Momente des Staunens: Marianne Faithfull veröffentlicht „She Walks in Beauty“

Marianne Faithfull and Warren Ellis FOTO: Rosie Matheson

Mit „She Walks in Beauty“ veröffentlicht Marianne Faithfull gemeinsam mit dem Komponisten und Multiinstrumentalisten Warren Ellis eines der markantesten und einzigartigsten Alben ihres langen, außergewöhnlichen Lebens und ihrer Karriere.

Von Dylan Cem Akalin

„Sie geht in Schönheit, wie die Nacht der wolkenlosen Gefilde und des Sternenhimmels.“ So beginnt das berühmte Gedicht von Lord Byron, in dem er das Gefühl für die Schönheit einer Frau einzufangen sucht. Der Dichter vergleicht diese Frau mit einer makellosen sternenklaren Nacht und beschreibt ihre Schönheit als harmonisches „Treffen“ von Dunkelheit und Licht. Marianne Faithfull rezitiert die Zeilen mit der Verletzlichkeit einer reifen Frau, die voller Dankbarkeit an ihre Jugend zurückdenkt. Und bei all der Sensibilität in der Stimme überdeckt die Lebenserfahrung den allzu polierten Glanz des Romantischen, was aus der einstigen verklärten Liebeserklärung an die Schöne ein feierliches Gebet macht. „She Walks in Beauty“ ist das Titelstück eines außergewöhnlichen Albums voller Poesie und Musik von Marianne Faithfull und Warren Ellis, das in Zusammenarbeit mit Nick Cave, Brian Eno und Vincent Ségal entstand. Die musikalische Begleitung gerät in den Hintergrund, eigentlich ist es ein Album voller Gedichts-Rezitationen.

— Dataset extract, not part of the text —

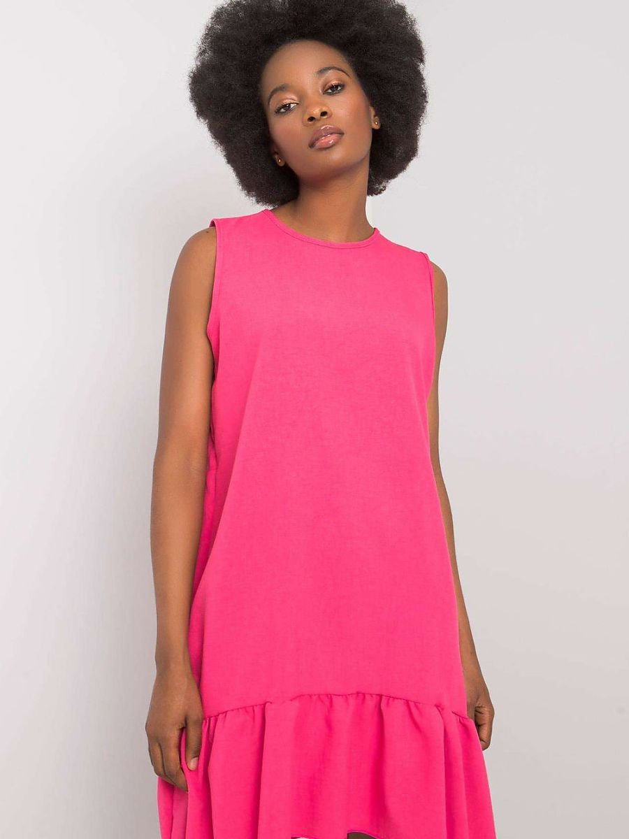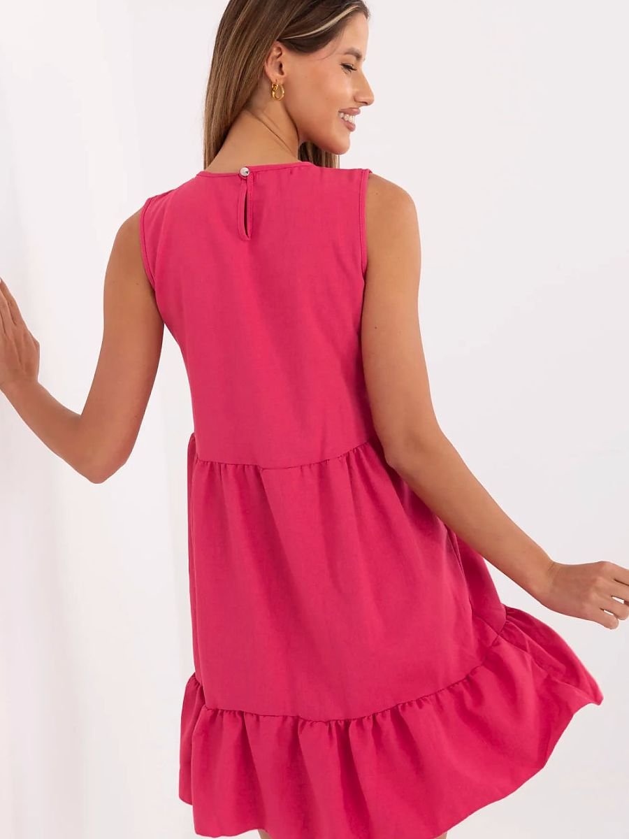 Uniwersalna sukienka o casualowym charakterze to stylowa propozycja na co dzień, do pracy, a także na letnie przyjęcia czy wesele. Wykonana z gładkiego materiału, zachwyca prostotą i kobiecym wykończeniem. Model bez rękawów z klasycznym, okrągłym dekoltem subtelnie podkreśla linię ramion, a długość mini dodaje lekkości i świeżości. U dołu sukienka wykończona jest efektowną falbaną, która wprowadza romantyczny akcent i nadaje całości zwiewności. To idealny wybór dla kobiet ceniących wygodę i elegancję w codziennym wydaniu.
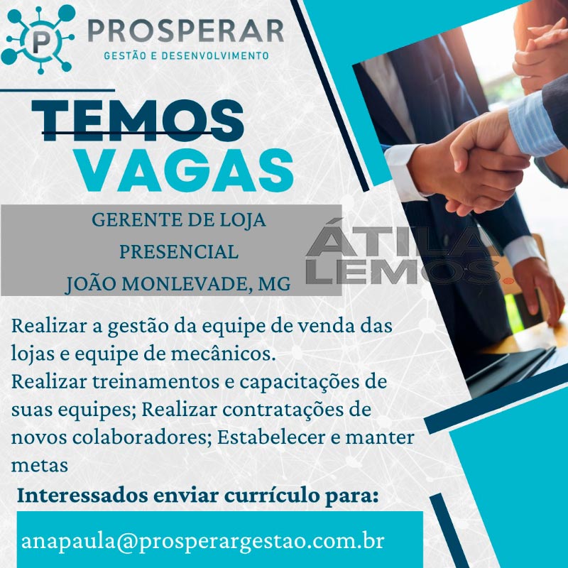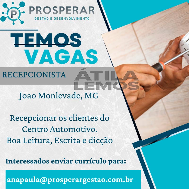 O site www.atilalemos.com.br , trabalha APENAS na divulgação das vagas. Assim reafirmamos que Não realizamos seleção e/ou contratação. Desta forma pedimos a todos que leiam sempre com muita atenção todos os dados da vaga antes de se candidatar. Envie currículo apenas para as vagas que corresponda ao seu perfil. Nosso Site não faz nenhum tipo de cobrança financeira dos usuários.

„Ich wollte nicht, dass die Leute denken, es ging um mich“, sagt die 74-Jährige in einem Interview über dieses Stück. „Oh Gott! Ich hoffe, sie glauben nicht, dass ich dieses Lied, dieses Gedicht aufnehme, weil ich denke, dass es um mich geht.“ Es gehe doch einfach nur um ein Mädchen, in das der Dichter verliebt war. „Ich sehe es so: Er kommt eines nachts nach Hause, zurück von einer Abendrunde um ihr Haus oder das ihrer Eltern, und er setzt sich hin und schreibt dieses Gedicht.“  Die Vorstellung, die Faithfull da von dem Dichter beschreibt, ist reizvoll.

Weithergeholt ist das Projekt nicht. Marianne Faithfull gehört zu jener Generation, für die die Lektüre der englischen Klassiker nicht nur zur Grundbildung gehörte, man lebte mit der Poesie der Vergangenheit, und Faithfull denkt in Dankbarkeit zurück an den Unterricht bei Frau Simpson über englische romantische Poesie.

Marianne Faithfull lag auf der Intensivstation

Warren ist seit 1993 Mitglied der Bad Seeds und Komponist von fast 20 Film- und Theaterpartituren, darunter für The Road und The Proposition. Seit ihrem 2005er Album „Before the Poison“ arbeitet Warren mit Marianne als Musikerin und Songwriterin zusammen. Dass er für das aktuelle Projekt auch Nick Cave gewinnen konnte, dürfte ihm nicht schwergefallen sein.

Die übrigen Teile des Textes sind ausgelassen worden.